Columbine, Parkland, Baltimore. Los nombres de estas ciudades suenan a muerte, a docenas de personas asesinadas en tiroteos. En Estados Unidos, el país más fuertemente armado del mundo, mueren 36.000 personas al año por armas de fuego.
Pero los muertos en tiroteos masivos, crímenes violentos o suicidios no son las únicas víctimas. Son muchos más los heridos. Luego que se disipa el interés de los medios, ellos siguen sufriendo físicamente y luchando durante años contra sus demonios psíquicos.
AFP habló con tres de ellos.
La primera masacre escolar de Estados Unidos
Kacey Ruegsegger escuchó una serie de golpes secos fuera de la ventana de la biblioteca de la secundaria Columbine donde estudiaba. Miró hacia la ventana, pero no prestó atención.
Ninguno de los demás estudiantes le dio importancia tampoco.
Era el año 1999. Su banda favorita, NSYNC, sonaba continuamente en las radios, internet todavía era una conexión telefónica y nadie había oído hablar de tiroteos escolares.

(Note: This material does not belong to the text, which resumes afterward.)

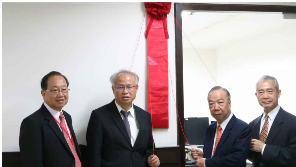
數位採證中心啟用典禮主持人員合影，自左至右分別為：本署檢察長彭坤業、法務部常務次長張斗輝、臺高檢檢察長王添盛、新竹地檢署檢察長姜貴昌

目前本署採證中心編制共有 5 人，由主任檢察官 1 名、檢察官 2 名、檢察事務官 2 名組成，專責人員並取得專業證照(CHFI、NSPA)。未來將持續提昇全體檢察官之解讀數位證物能力，使檢察事務官均具備分析採證資料能力，讓偵查程序更加便利、科學、精確；同時本署亦結合數位採證室及毒品資料庫，讓新興數位資料匯入臺灣高等法院檢察署之全國毒品資料庫，即時擴增、整合通訊資料，供大數據分析比對，深度勾稽毒品運輸、製造、販賣網絡，有效溯源斷根，打擊毒品犯罪，建立安居樂業之無毒家園。

No se suponía que ella estuviera allí ese 20 de abril. Normalmente iba a almorzar con una amiga, pero ese día no la encontró y se fue a la biblioteca. Minutos después, entró una profesora gritando a todos que había unos estudiantes armados.
“El pánico en su voz nos dejó bien claro que esto era real, que teníamos que escondernos”, dijo Kacey en su casa en Raleigh, Carolina del Norte, donde vive ahora con su marido y sus cuatro hijos.
Kacey se metió debajo de un escritorio, puso una silla delante de ella y esperó, creyendo que había encontrado un buen escondite.
Se equivocó.
“Mató al muchacho que estaba escondido detrás de mí, me apuntó y me acuerdo haber escuchado el disparo que me golpeó”, cuenta.
La bala entró por la parte posterior de su hombro derecho y salió del otro lado. En ese momento ella estaba tapándose los oídos, así que también le atravesó la mano.
Una docena de estudiantes y un profesor murieron ese día a manos de dos jóvenes que luego se suicidaron, en lo que fue el primer tiroteo escolar de Estados Unidos. Desde entonces, se ha desatado una oleada de imitadores que continúa.
Para Kacey, fue el principio de una odisea que hasta ahora ha significado una docena de cirugías.
Las primeras semanas en el hospital las vivió en estado de aturdimiento mientras la prensa giraba en torno a su familia. Pero ella recuerda un lado positivo: el mar de tarjetas y mensajes que recibió de todas partes del mundo y una visita de NSYNC. Fue un sueño hecho realidad, aún en tiempos difíciles.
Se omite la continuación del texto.